Below are some records. Write out the line that contains "SUMMERGOLD I-COOL Tower" and all lines after it, exactly, but not the pictures.

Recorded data
::::
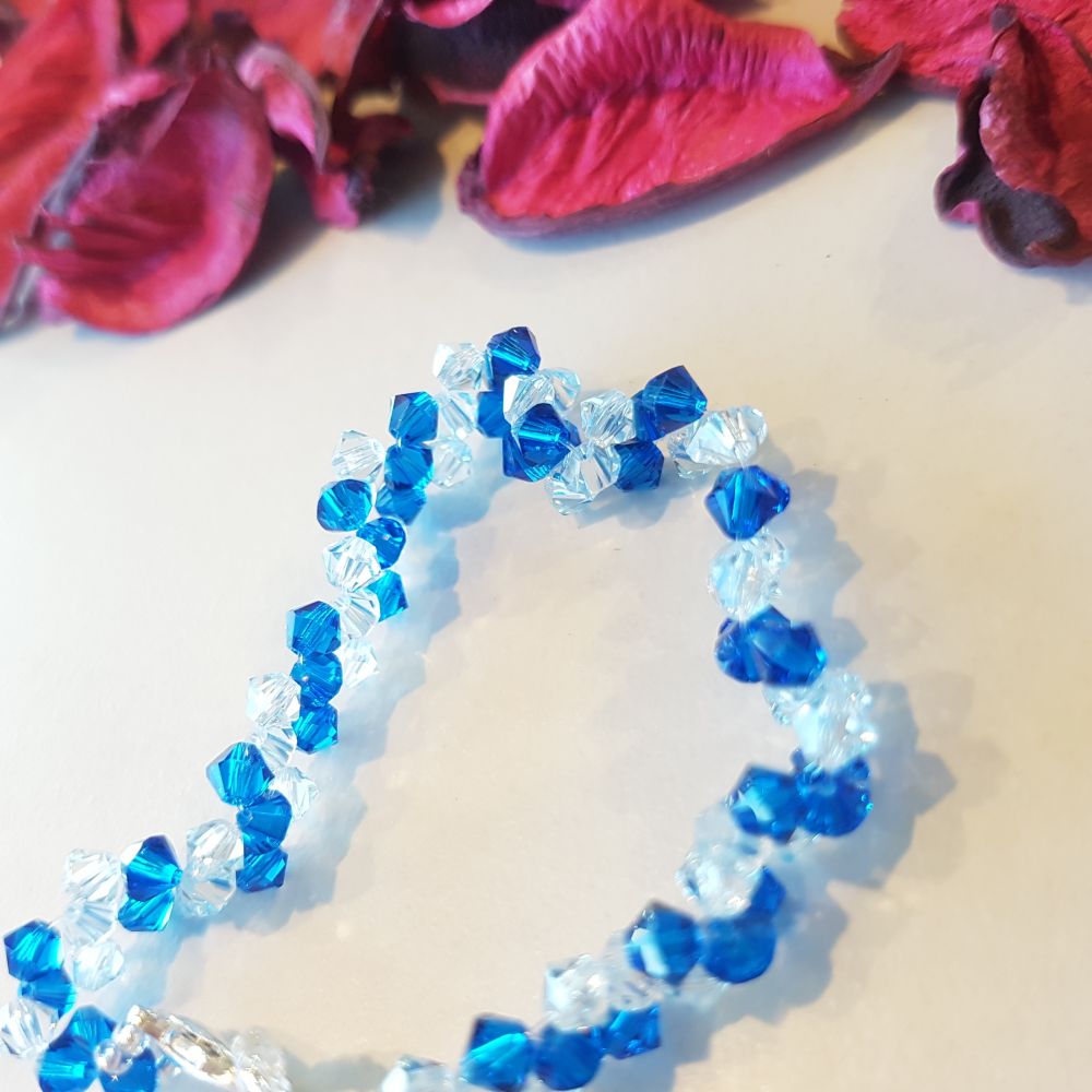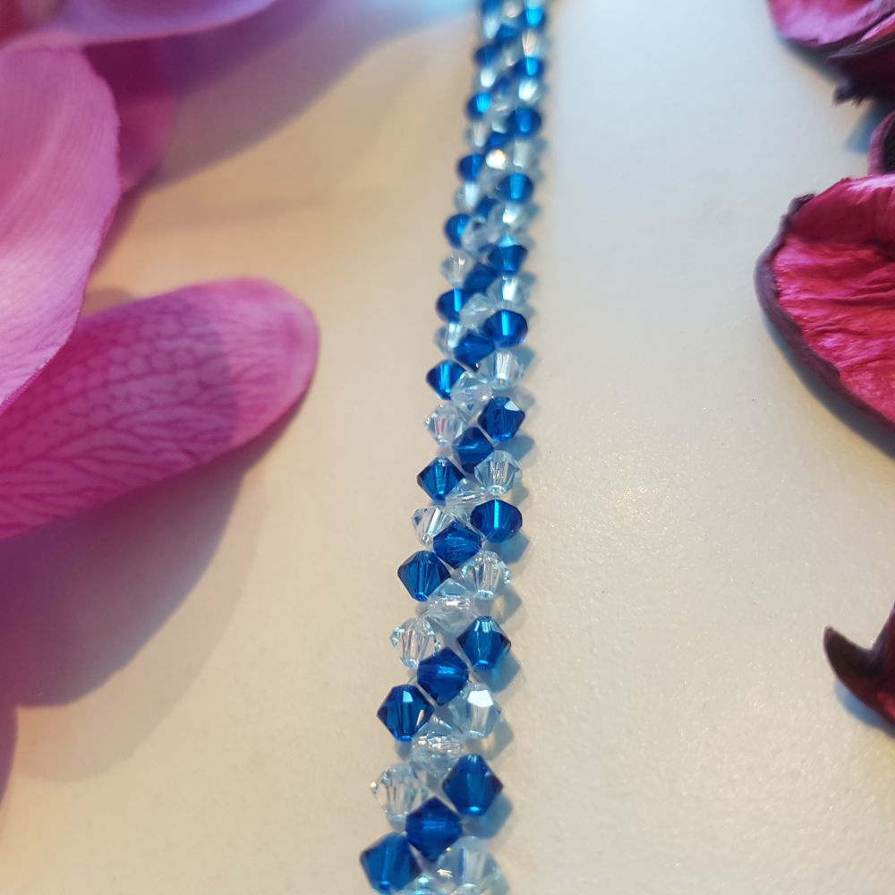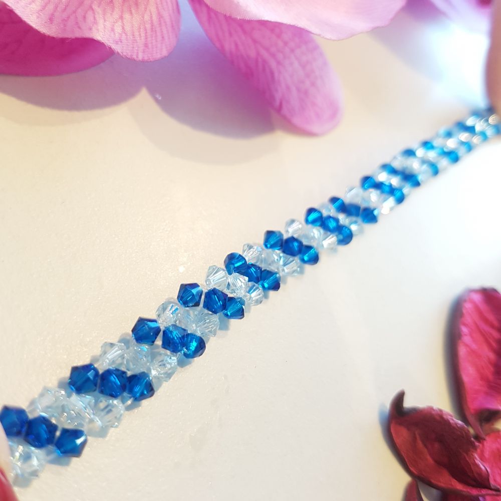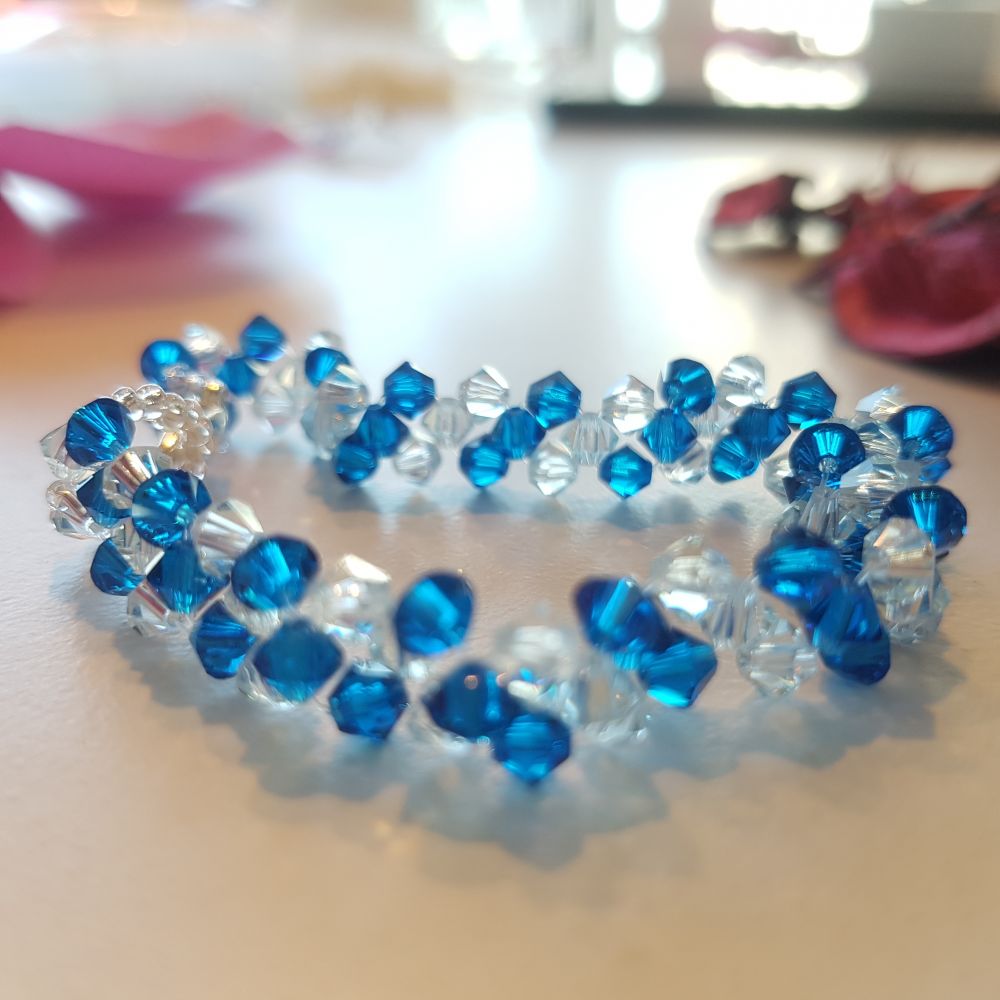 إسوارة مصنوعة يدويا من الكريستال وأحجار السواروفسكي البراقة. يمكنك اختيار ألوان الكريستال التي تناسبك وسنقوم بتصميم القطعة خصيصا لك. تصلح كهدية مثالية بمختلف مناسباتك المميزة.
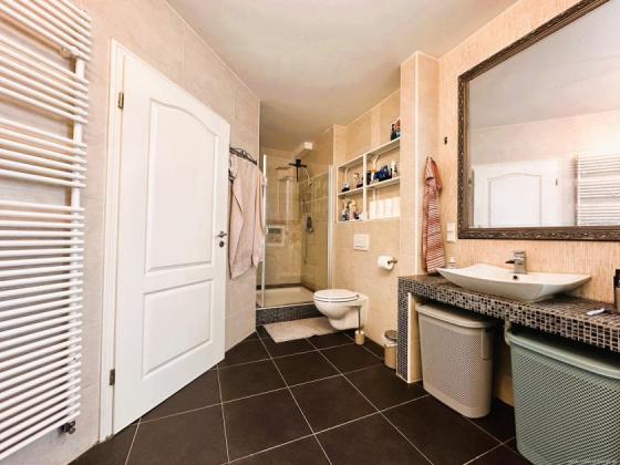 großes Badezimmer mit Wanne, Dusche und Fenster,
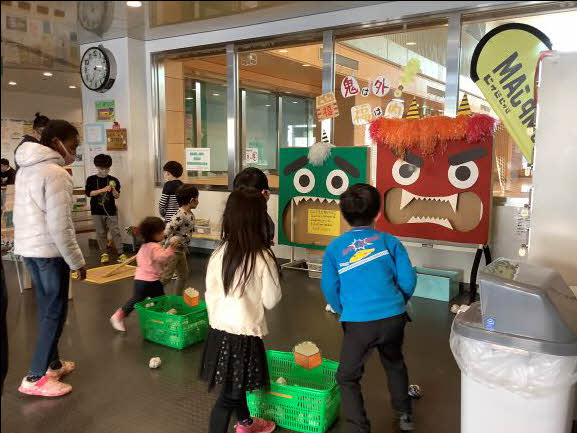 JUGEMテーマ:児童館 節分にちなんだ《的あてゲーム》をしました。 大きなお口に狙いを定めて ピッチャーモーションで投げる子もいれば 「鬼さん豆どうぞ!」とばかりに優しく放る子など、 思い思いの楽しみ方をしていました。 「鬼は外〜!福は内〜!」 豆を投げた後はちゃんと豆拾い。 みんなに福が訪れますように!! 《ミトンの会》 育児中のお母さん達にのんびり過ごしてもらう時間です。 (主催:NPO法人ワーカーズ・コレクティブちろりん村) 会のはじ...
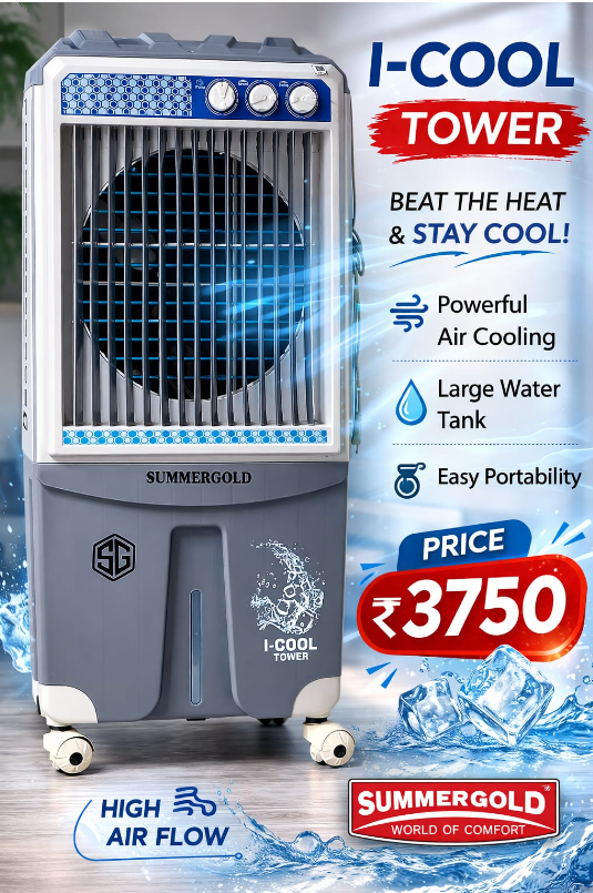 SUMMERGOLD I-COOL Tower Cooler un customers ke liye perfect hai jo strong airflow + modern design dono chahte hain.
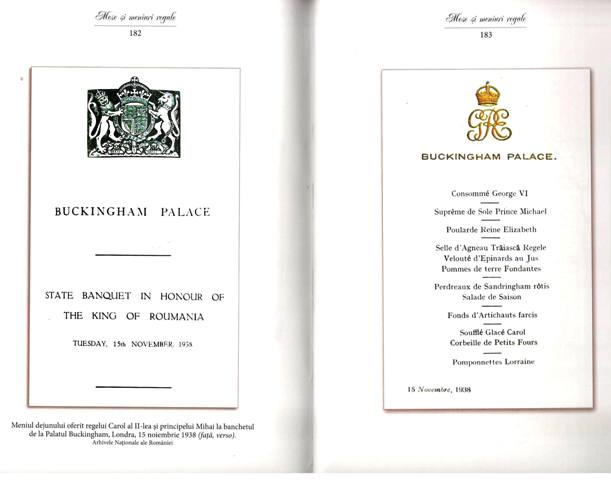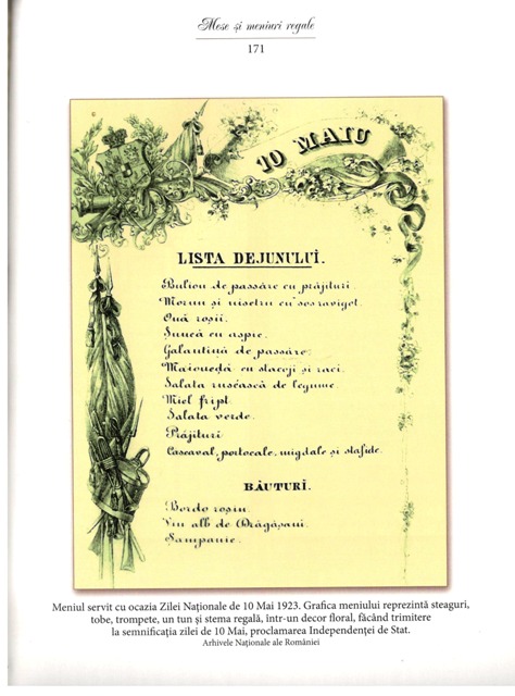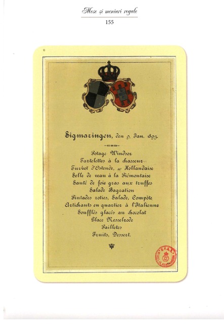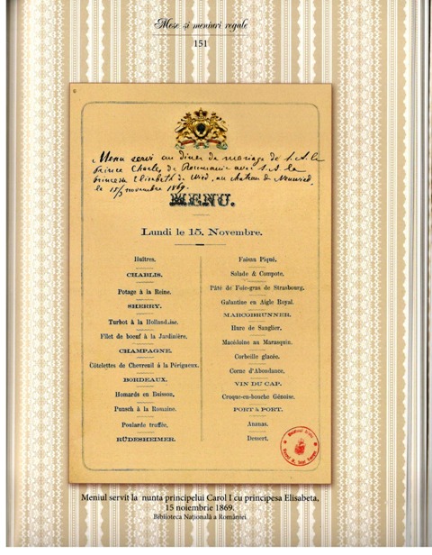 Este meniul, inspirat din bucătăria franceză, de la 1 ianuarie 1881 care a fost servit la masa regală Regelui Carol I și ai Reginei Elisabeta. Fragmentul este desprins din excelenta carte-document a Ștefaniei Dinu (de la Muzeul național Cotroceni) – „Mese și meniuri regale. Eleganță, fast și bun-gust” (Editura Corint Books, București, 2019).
::::
● **SOLUTION TO THIS TASK**:
 SUMMERGOLD I-COOL Tower Cooler un customers ke liye perfect hai jo strong airflow + modern design dono chahte hain.
 Este meniul, inspirat din bucătăria franceză, de la 1 ianuarie 1881 care a fost servit la masa regală Regelui Carol I și ai Reginei Elisabeta. Fragmentul este desprins din excelenta carte-document a Ștefaniei Dinu (de la Muzeul național Cotroceni) – „Mese și meniuri regale. Eleganță, fast și bun-gust” (Editura Corint Books, București, 2019).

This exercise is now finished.